21.4.5 Diode Characteristics Summary

Parameter Silicon Diode Germanium Diode
Forward voltage drop (typical) 0.6-0.7 V 0.2-0.3 V
Reverse saturation current nA range μA range
Maximum operating temperature ~200°C ~100°C

21.5 RECTIFICATION: CONVERTING AC TO DC

One of the most important applications of diodes is rectification—converting alternating current (AC) to direct current (DC). This is essential for powering electronic devices from the AC mains supply.

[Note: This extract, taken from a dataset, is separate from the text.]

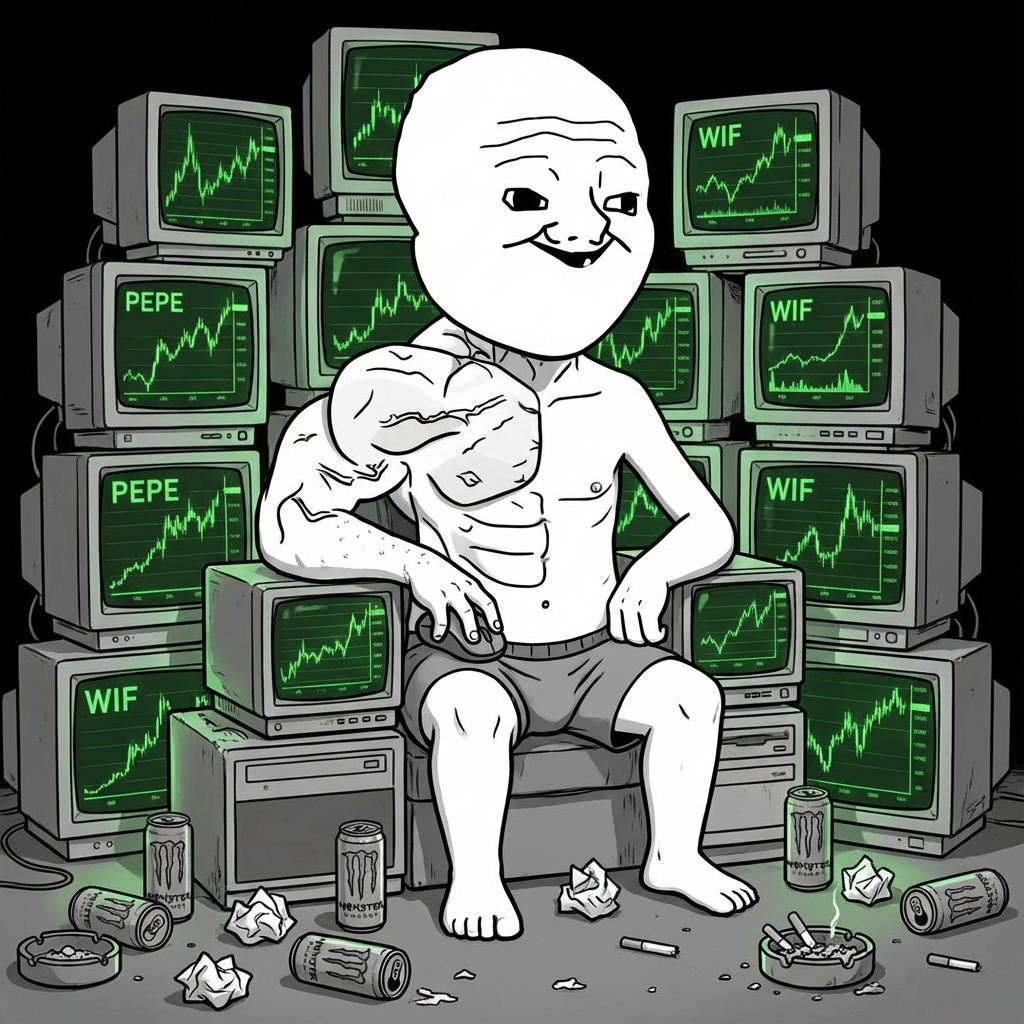 The $GOON is the ultimate edgelord—a massive, sweat-drenched beast, eyes glazed from endless sessions, gripping his setup like a vice

21.5.1 Half-Wave Rectification

Circuit: A single diode connected in series with the load resistor.

Operation:

  • During the positive half-cycle of the AC input, the diode is forward-biased (anode positive relative to cathode).
  • Current flows through the diode and load resistor, producing voltage across the load.
  • During the negative half-cycle, the diode is reverse-biased.
  • No current flows (except tiny leakage).
  • The output is a pulsating DC—only the positive half-cycles appear.

Output waveform: Half-wave rectified signal.

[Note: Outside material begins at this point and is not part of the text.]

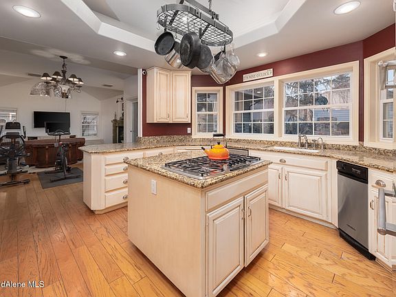 Possibilities are endless in this elegant 5 bedroom, 5.5 bath estate, on a double corner lot, close to everything CDA has to offer. Situated minutes from the public golf course, KROC Center, Spokane River, shopping, medical and more. Home is part of the well established Fairway Forest neighborhood, with its tree-lined streets and tranquil setting, you will be amazed you are in town. The grand entry and gourmet kitchen with views of the new back deck and outdoor eating and fireplace are a must-see. The extravagant main floor master with its fireplace, vaulted ceilings, and private deck make you feel like you are on vacation every day. The lower floor boasts its own kitchen area, 90 % efficient furnace, and water heater, making multigenerational living an amazing option.

Average (DC) voltage: For a sinusoidal input V = V₀ sin(ωt), the average output voltage is:

Vdc = V₀/π ≈ 0.318 V₀

Or in terms of RMS input: Vdc = √2 Vrms/π ≈ 0.45 Vrms

Ripple frequency: Same as input frequency (e.g., 50 Hz).

Advantages: Simple, low component count.

Disadvantages: Low average output, high ripple, transformer core saturation due to DC component.

21.5.2 Full-Wave Rectification (Center-Tapped Transformer)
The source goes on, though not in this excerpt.